▶ **Data for processing**:
· · · ·
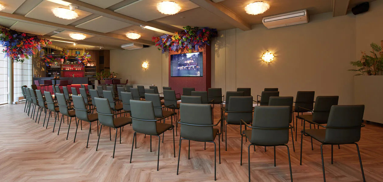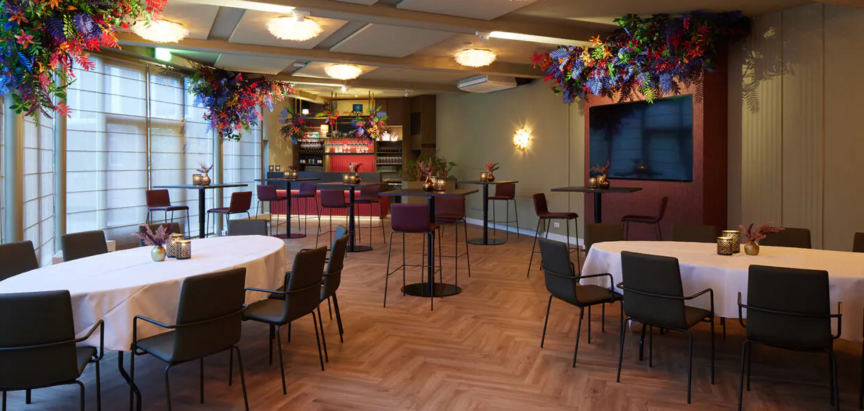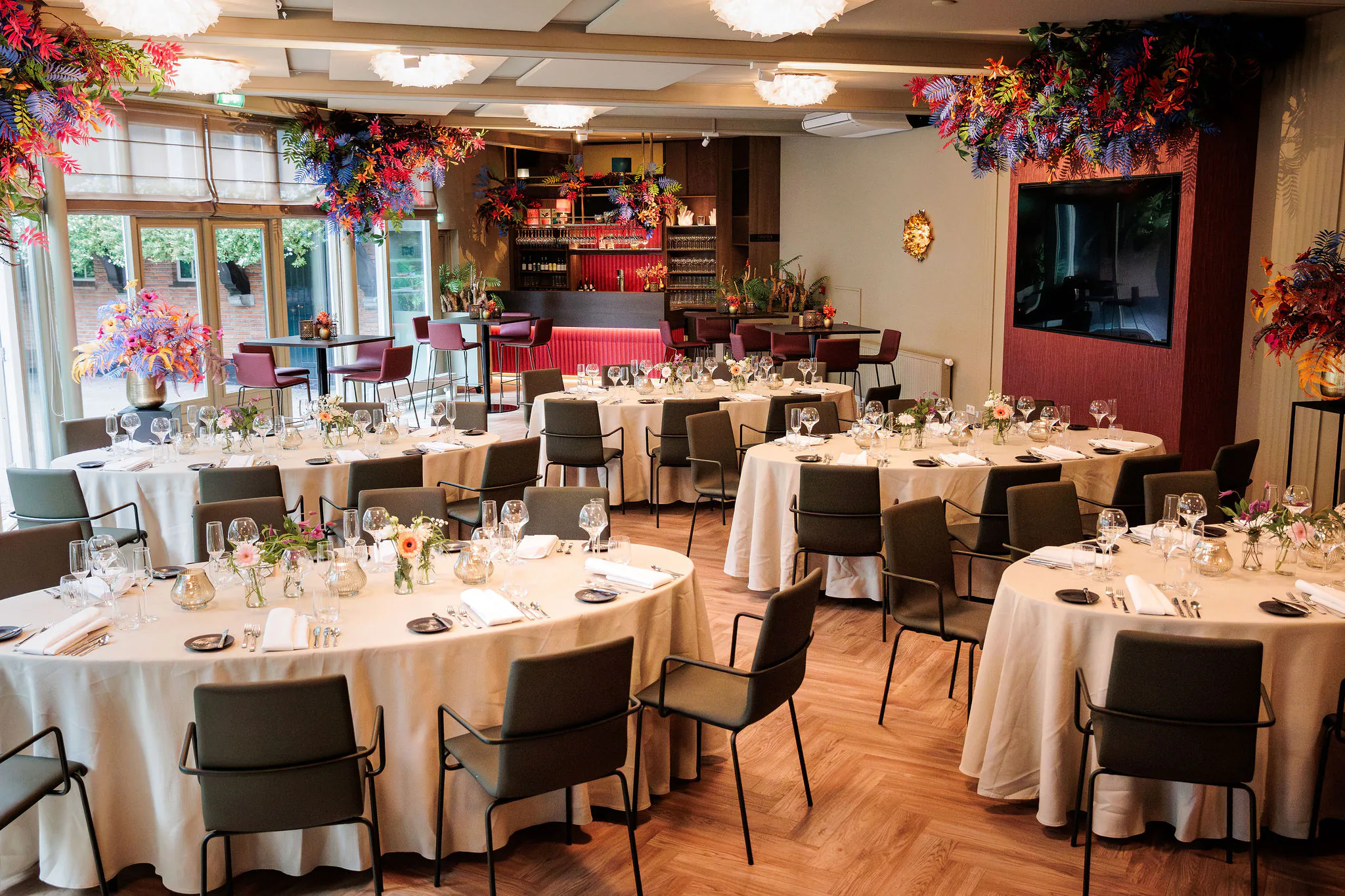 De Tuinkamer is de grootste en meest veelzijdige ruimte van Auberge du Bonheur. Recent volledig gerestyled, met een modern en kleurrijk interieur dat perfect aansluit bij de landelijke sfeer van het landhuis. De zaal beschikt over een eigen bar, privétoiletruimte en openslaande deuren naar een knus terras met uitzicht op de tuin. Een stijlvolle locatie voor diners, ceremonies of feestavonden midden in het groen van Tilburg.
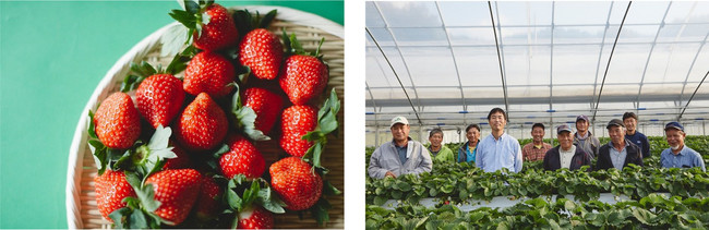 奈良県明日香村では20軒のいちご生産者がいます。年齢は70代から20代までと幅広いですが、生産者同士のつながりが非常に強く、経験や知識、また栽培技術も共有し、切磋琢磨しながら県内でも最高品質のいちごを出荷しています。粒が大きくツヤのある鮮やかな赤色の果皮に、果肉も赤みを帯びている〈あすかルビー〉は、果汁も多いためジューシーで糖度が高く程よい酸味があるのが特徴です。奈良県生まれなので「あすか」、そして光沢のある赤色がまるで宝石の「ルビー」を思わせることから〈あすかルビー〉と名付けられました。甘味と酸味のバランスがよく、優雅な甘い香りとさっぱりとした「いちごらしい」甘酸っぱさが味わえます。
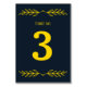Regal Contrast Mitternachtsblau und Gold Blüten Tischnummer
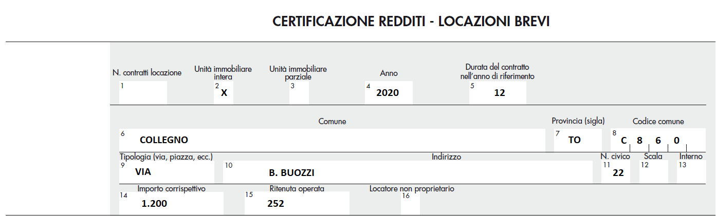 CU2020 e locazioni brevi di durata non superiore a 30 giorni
· · · ·
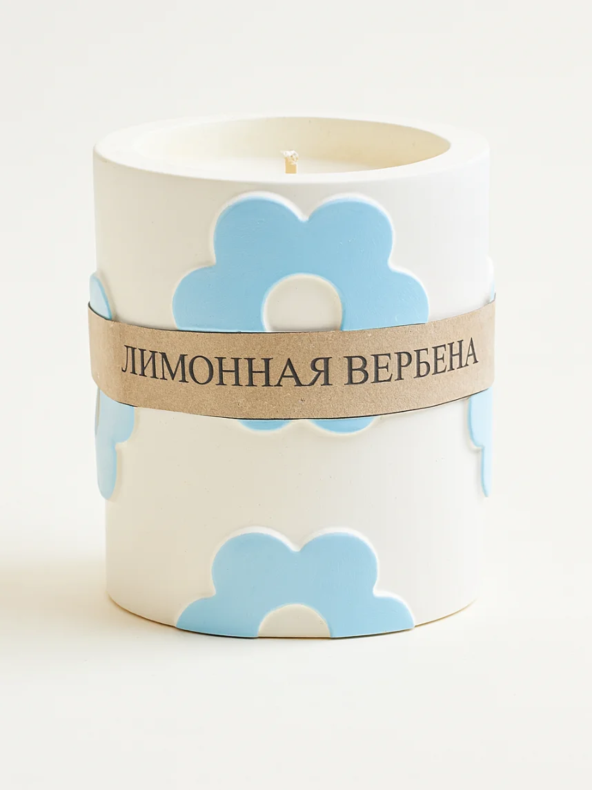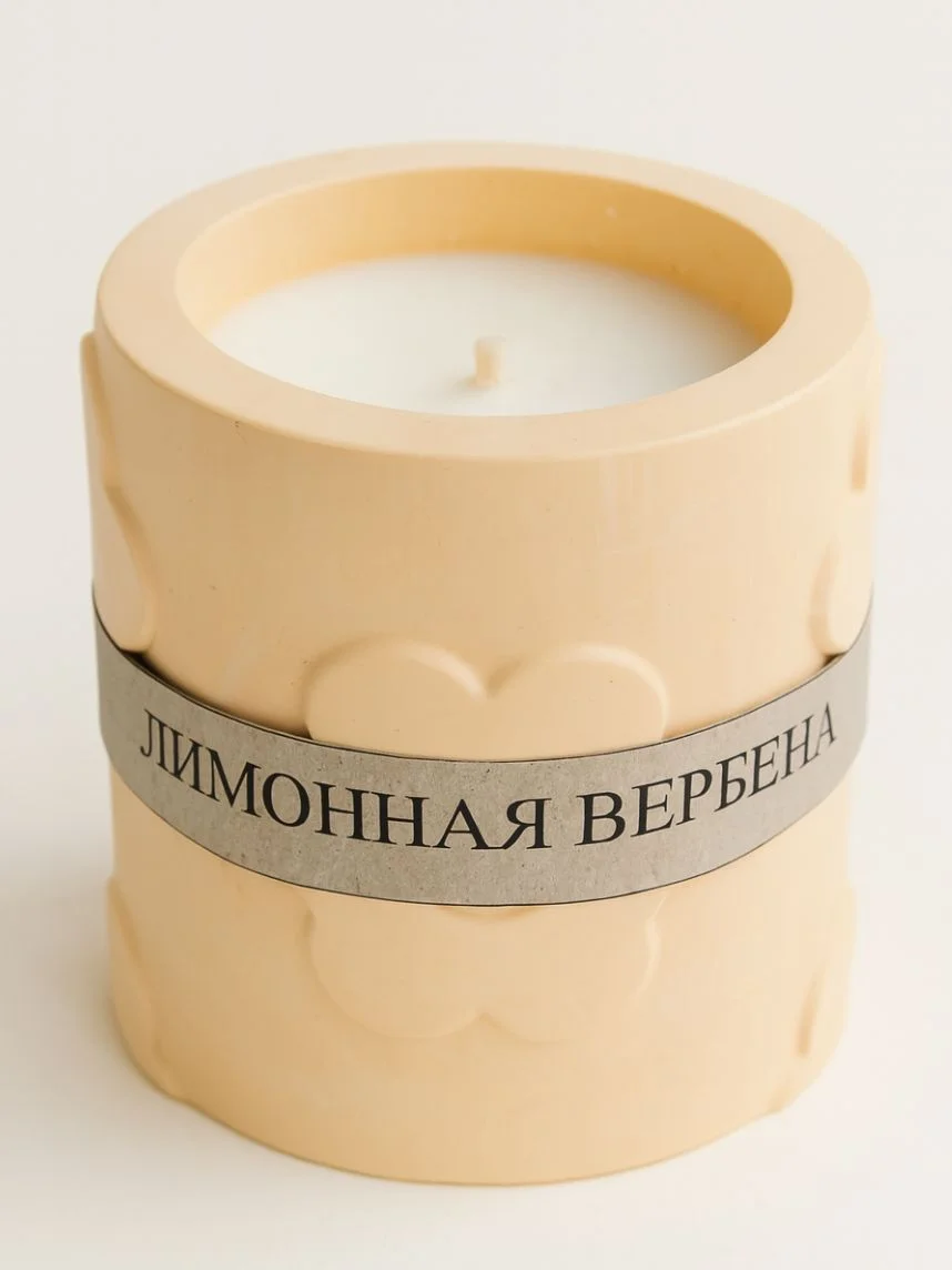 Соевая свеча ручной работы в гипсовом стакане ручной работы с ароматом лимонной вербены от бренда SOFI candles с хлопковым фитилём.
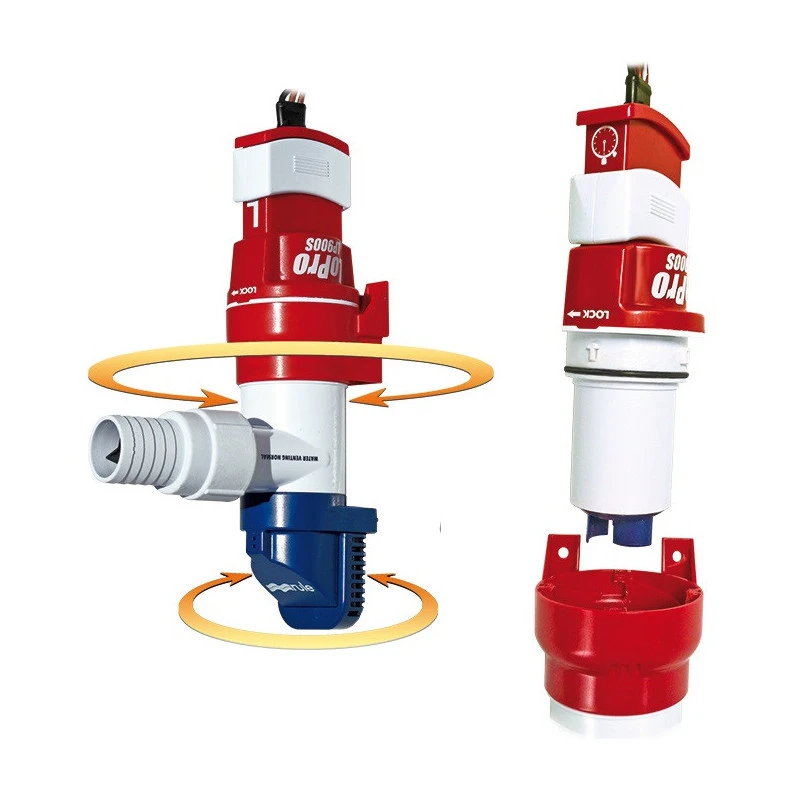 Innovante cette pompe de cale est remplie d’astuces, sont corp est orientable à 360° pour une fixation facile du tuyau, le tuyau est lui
· · · ·
▶ **Task item**: Transcribe, from the material above, the stretch starting at the line with "Regal Contrast Mitternachtsblau" and ending at the line with "CU2020 e locazioni", both included, exactly. Do not carry over pictures.

▶ **Result**:
Regal Contrast Mitternachtsblau und Gold Blüten Tischnummer
 CU2020 e locazioni brevi di durata non superiore a 30 giorni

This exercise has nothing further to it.